Equipment: The equipment used in this work are electronic balance (OHAUS, Switzerland), 743 Metrohm Rancimat (Methrom, Herisau, Switzerland), micro burettes, pipettes, conical flasks, thermometer, stirrer, stands, heating device.
Sample collection: Fresh Sunflower Oil (SFO), obtained from Meseret Virgin Seed Oil Processor, and Nigger Oil (NO), obtained from Mehari Edible Oil Processor were used for the study. The containers of the oil samples were wrapped with aluminum foil and stored in a refrigerator at 4°C until analysis.
Sample preparation: Oil samples were taken from the refrigerator and transferred to 250 ml conical flasks. An equal volume of 200 ml of SFO and NO, SFO+vitamin E (200 mg/kg of oil), NO+vitamin E (200 mg/kg of oils) [13], were added to two groups of 250 ml conical flasks (one group wrapped with aluminum foil). The flasks were closed and subjected to different storage conditions: (i) in daylight, (ii) at dark place, and (iii) in daylight with added vitamin E, (iv) in dark with added vitamin E.
Analytical determinations
Acid value: The AV is the number of mg of KOH necessary to neutralize the free acid in l g of sample. Each oil sample (1.0 g) was weighed and dissolved with 50 ml of ethanol in a conical flask. Two drops of phenolphthalein indicator were added and titrated to pink endpoint (which persisted for 15 minutes) with 0.1N KOH. AV was calculated (Equation 1) [14].
Acid value = 56.1 × V × C/m (1)
Where V is the volume in ml of standard KOH solution used, C is the exact concentration in KOH solution used (0.1 N); m is the mass in grams of the test portion (1g). 56.1 is the equivalent weight of KOH.

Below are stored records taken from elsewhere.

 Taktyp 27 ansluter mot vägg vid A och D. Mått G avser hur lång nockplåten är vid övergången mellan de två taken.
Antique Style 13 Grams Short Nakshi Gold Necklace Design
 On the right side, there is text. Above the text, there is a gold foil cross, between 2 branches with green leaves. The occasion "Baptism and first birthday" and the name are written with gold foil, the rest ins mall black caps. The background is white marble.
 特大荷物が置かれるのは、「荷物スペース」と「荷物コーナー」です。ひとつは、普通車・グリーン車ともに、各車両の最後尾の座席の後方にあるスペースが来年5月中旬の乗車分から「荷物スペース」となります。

Peroxide value: PV was evaluated according to AOCS Official Method Cd 8-53 [15]. 5 g oil sample was weighed into a conical flask and 30 ml of a solvent mixture of glacial acetic acidchloroform in the ratio of 3:2, respectively, was added to the oil sample. 0.5 ml saturated potassium iodide (KI) solution was added to the solution and allowed to stand for 1 minute thereafter, 30 ml of distilled water was added and titrated with 0.01 N sodium thiosulfate (Na2S2O3) solution using starch indicator until the yellow color was discharged. A blank was prepared alongside the oil samples. PV was calculated (Equation 3).

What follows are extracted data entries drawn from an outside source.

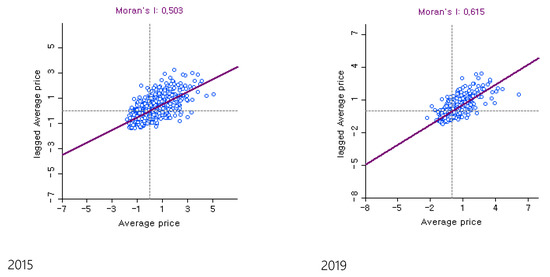 As a result, as shown in Figure 2 below, Moran’s I statistics was found to have a positive (+) spatial autocorrelation: 2015 (Moran’s I = 0.503) and 2019 (Moran’s I = 0.615). This suggests that there is a need to control the space effect by using the spatial regression model when establishing a pricing model in Figure 2.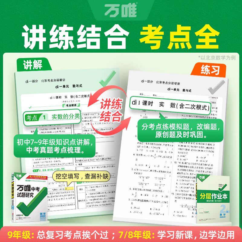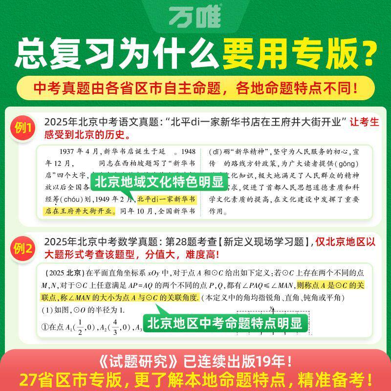 2026万唯中考试题研究系列,专为初三学子打造,覆盖语文、数学、英语、物理、化学、政治、历史、生物、地理九大学科,紧扣最新考纲与命题趋势。精选全国多地中考真题,系统梳理七八九年级核心知识点,配备详细解析与解题技巧,助力高效复习。万维教育旗舰店正版保障,内容权威、编排科学,讲练结合,强化重难点突破。无论是基础巩固还是冲刺提分,本套资料均为中考总复习的理想之选,帮助考生夯实基础、提升能力,从容应对2026年中考挑战。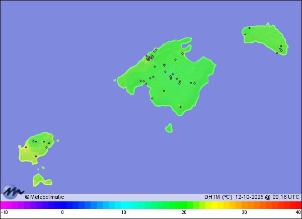 11-10-2025 | | Máx. | Mín. | | Temperatura | 21,0 | 16,9 | °C | Humedad | 94 | 76 | % | Viento | 32 | n/a | km/h | Presión | 1.025 | 1.022 | hPa | Precipitación | 0,0 | mm |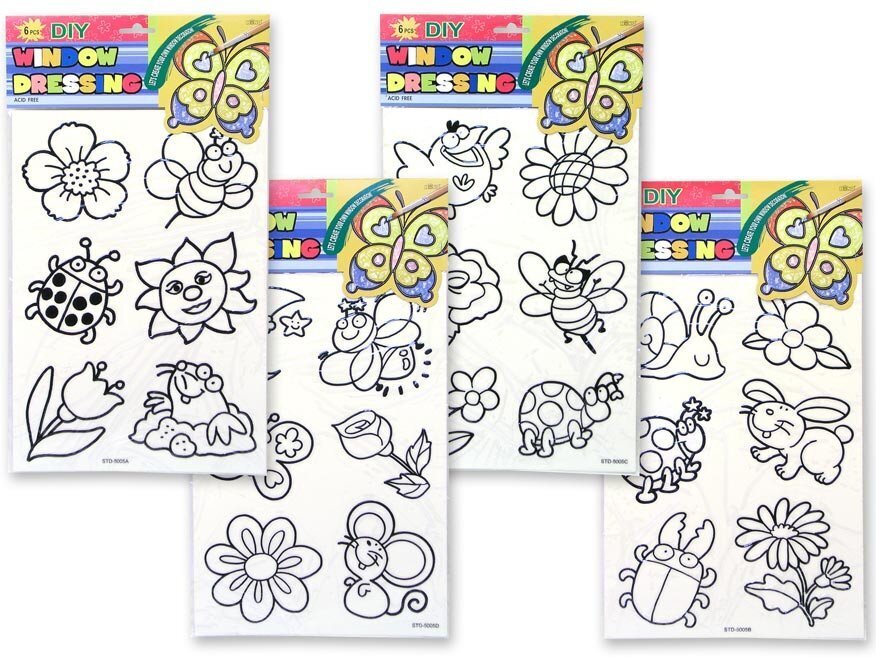 Předlohy na malování na sklo s vyvýšenou konturouADHÉZNÍ FÓLIE ELEKTROSTATICKY PŘILNE K POVRCHU!Vybarvěte a po uschnutí umís...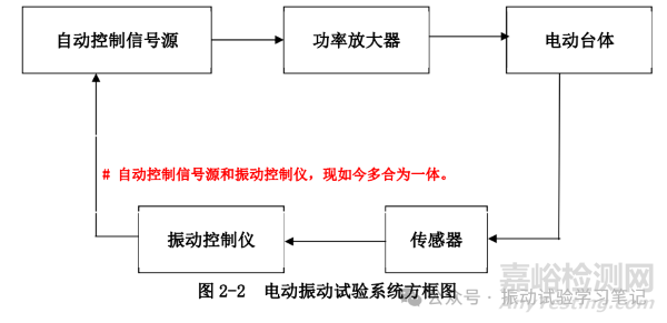 (2)自動(dòng)定振試驗(yàn)電動(dòng)振動(dòng)試驗(yàn)系統(tǒng) 是一個(gè)在試驗(yàn)過程中能夠自動(dòng)控制振動(dòng)參數(shù)量級(jí)的閉環(huán)控制系統(tǒng)。它的組成除要有功率放大器和電動(dòng)臺(tái)體(含冷卻系統(tǒng))之外,還需要有自動(dòng)控制信號(hào)源,振動(dòng)控制儀和傳感器三個(gè)部分,如圖2-2。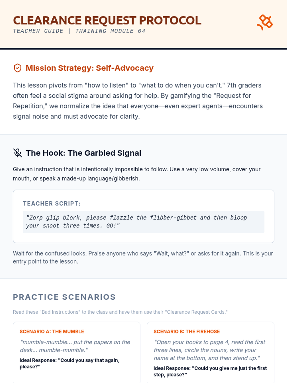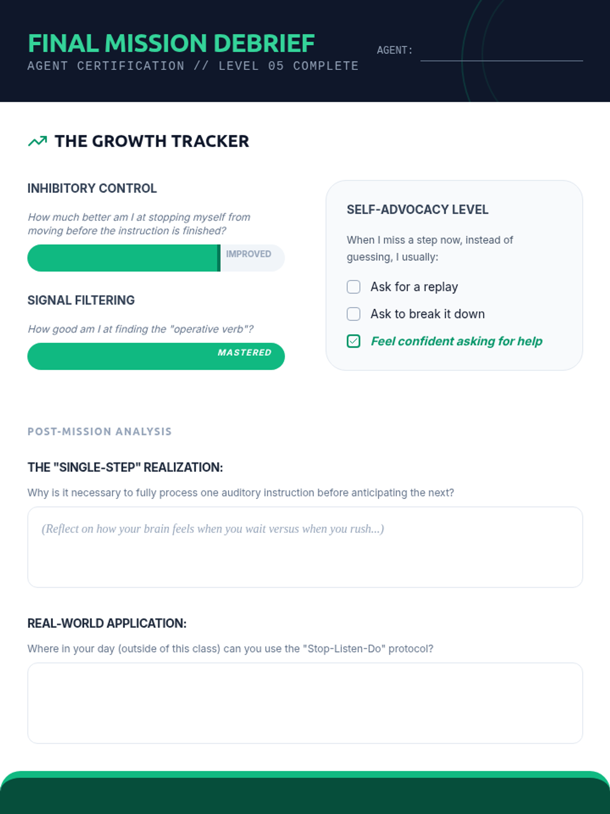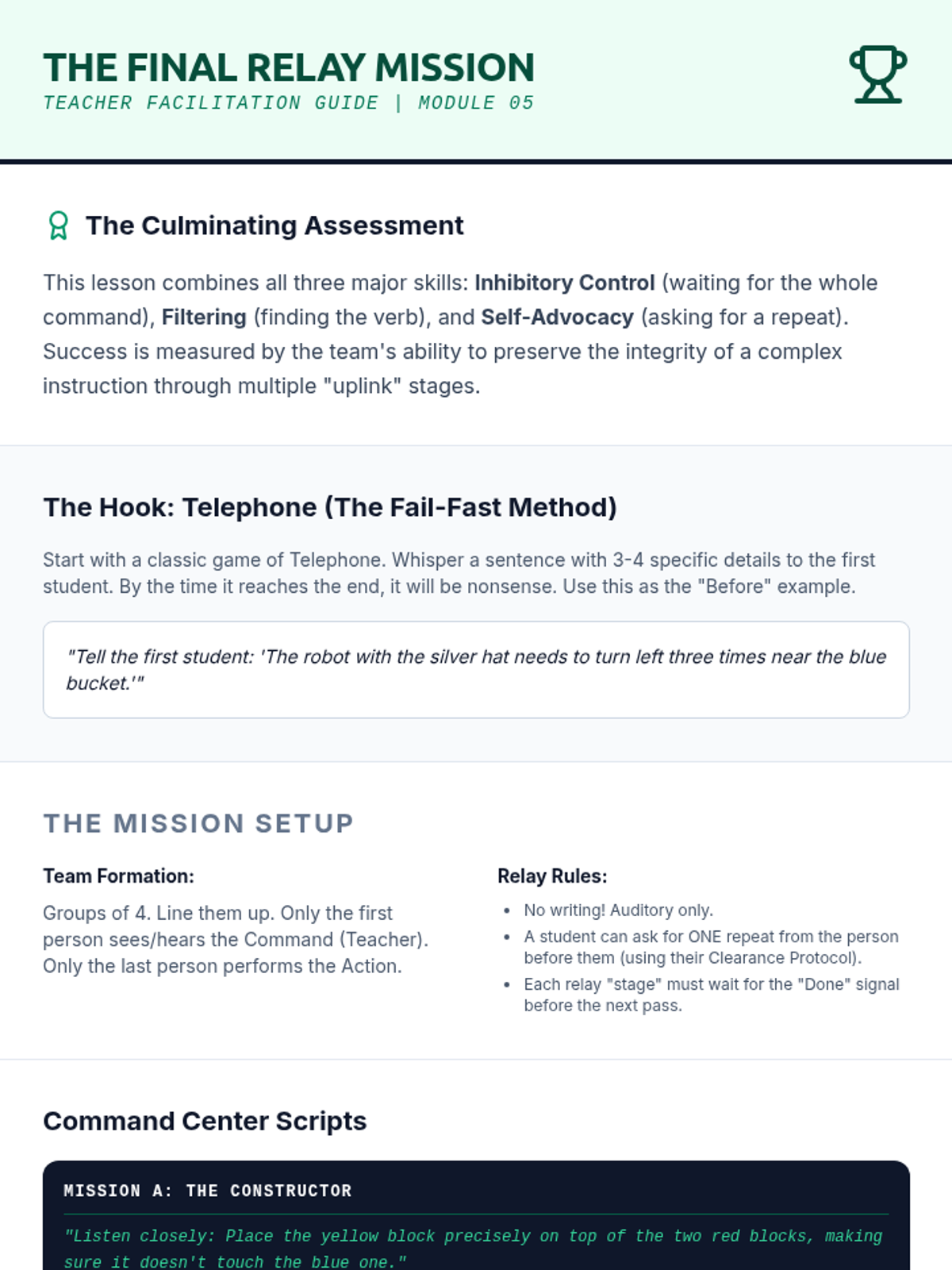 A 5-lesson series designed for 7th-grade students to build auditory working memory and inhibitory control. Students progress through gamified challenges that emphasize processing single-step directions, filtering verbal information, and advocating for clarity.

Peroxide value = 10 (V1-V2)/m (2)
Where: V1 volume of Na2S2O3 for determination of test sample in ml, V2 volume of Na2S2O3 for determination of blank solution in ml and m is mass of test portion in g (5 g).
Rancimat test: The oxidative stability of the investigated oil samples was studied using the Rancimat test. The test was performed on a 743 Rancimat apparatus (Methrom, Herisau, Switzerland). The oil samples (3 g) were subjected to a temperature of 120°C at an airflow rate of 20 L/h. The determination was based on the conductometric detection of volatile acids. The results were expressed as the Induction Time (IT) in hours. IT represents the time needed for the decomposition of hydroperoxides produced by oil oxidation [16].

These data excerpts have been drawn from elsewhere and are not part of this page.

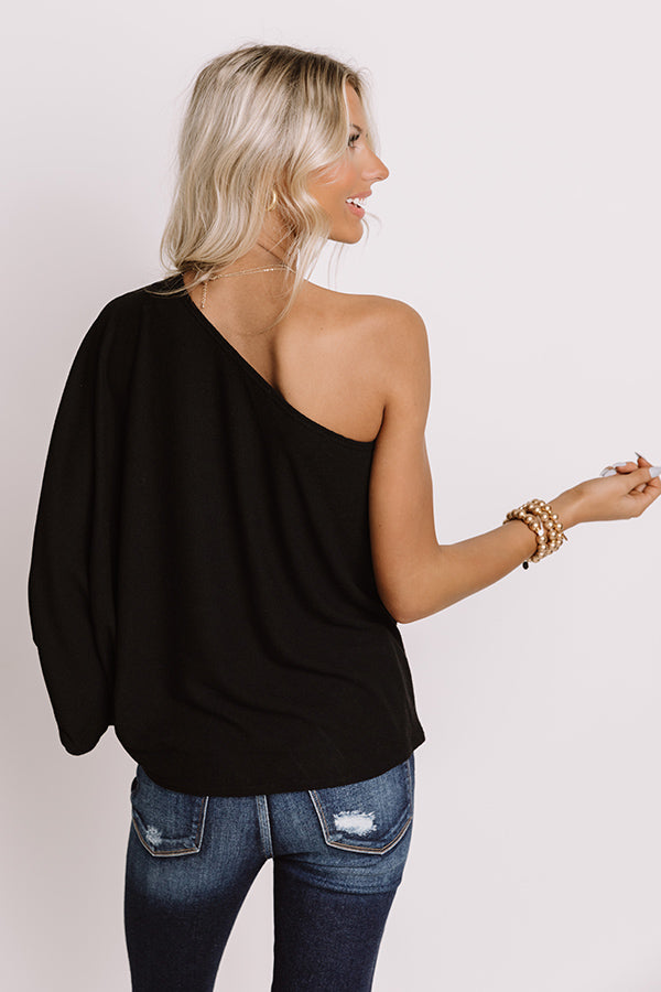 Arrive in style for a "patio brunch" with this chic little black shift top featuring lightweight flowy material, a diagonal neckline and upper back with an oversized 3/4-length bat wing sleeve , and a relaxed silhouette that falls into a straight hemline! Measurements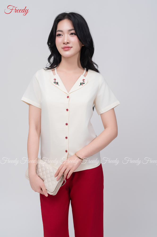 Bộ ngắn tay nữ thêu cách điệu - WBN243910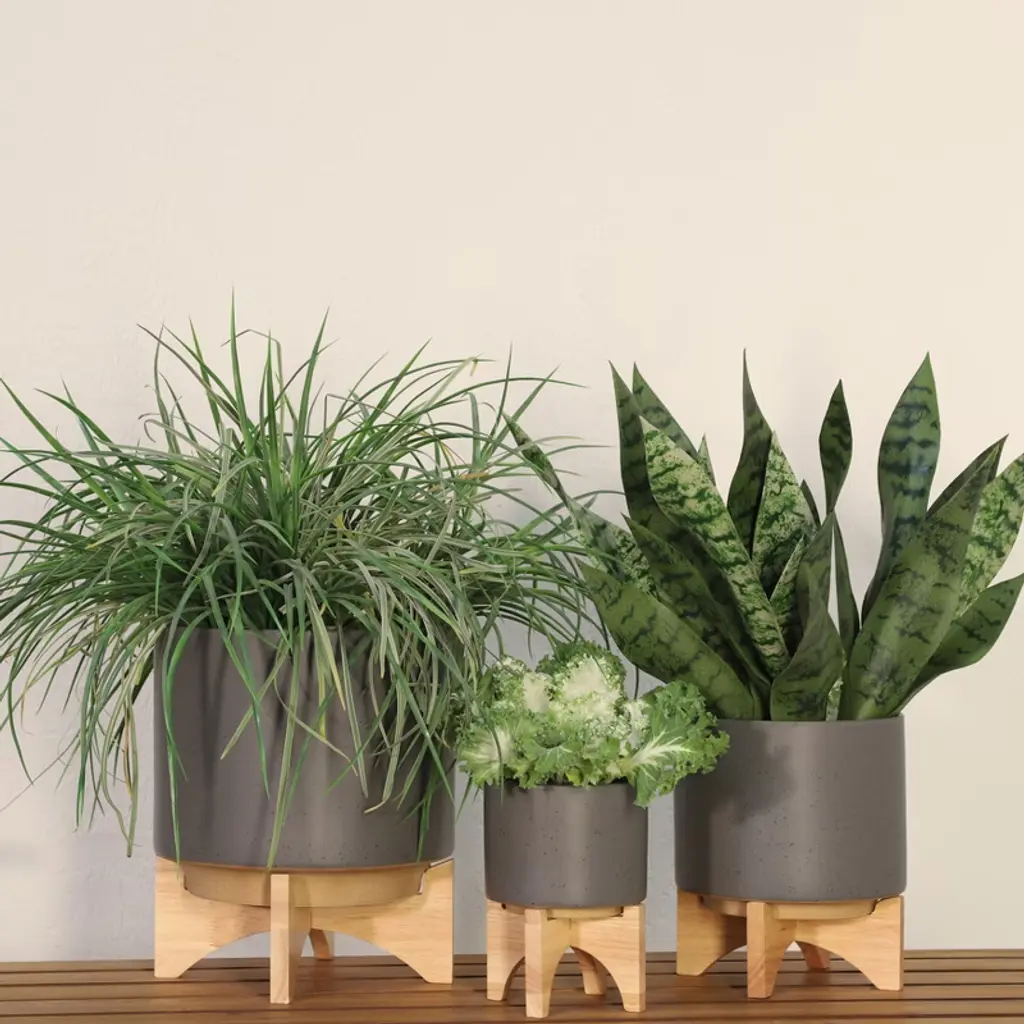 Sevobal Planters Small Plant Pot With Drainage Plug And Stand And Legs For Indoor Home Office Table Plants Flowers Herb, Gray, 8"*8"*9"

Statistical data analysis: All the parameters were determined in three trials and the results obtained from each determination was presented as mean value ± Standard Deviation (SD). Tests for significance in variations were conducted by One-Way Analysis Of Variance (ANOVA) and the means were compared using Tukey Honestly Significant Difference test (Tukey HSD). Variations were considered significant at p<0.05. For the case of the Rancimat test, the median value was taken.
Changes in acid value (AV) during storage
AV is a measure of the FFAs in oil. Normally, FAs are found in the TAG form, however; during processing, the FAs may be hydrolyzed into FFA. Production of FFA is the best predictor of fat deterioration and the presence of FFA could be used to monitor the extent of oils abused [17]. The higher the AV found, the higher the level of FFA which results in decreased oil quality. The acceptability level of virgin oils is below 4.0 mg KOH/g (measured in potassium hydroxide per gram) [18].
The changes observed in AV during 5 weeks of storage were depicted in Table 1. The results show that under daylight and dark storage of oils, the formation of FFA gradually increased as storage time increased. The changes in AV of SFO and NO stored with and without added vitamin E was not significant (at p<0.05) under different conditions. At the end of 5 weeks of storage, the AV of SFO and NO samples stored at daylight>dark>daylight+vitamin E>dark+vitamin E storage condition.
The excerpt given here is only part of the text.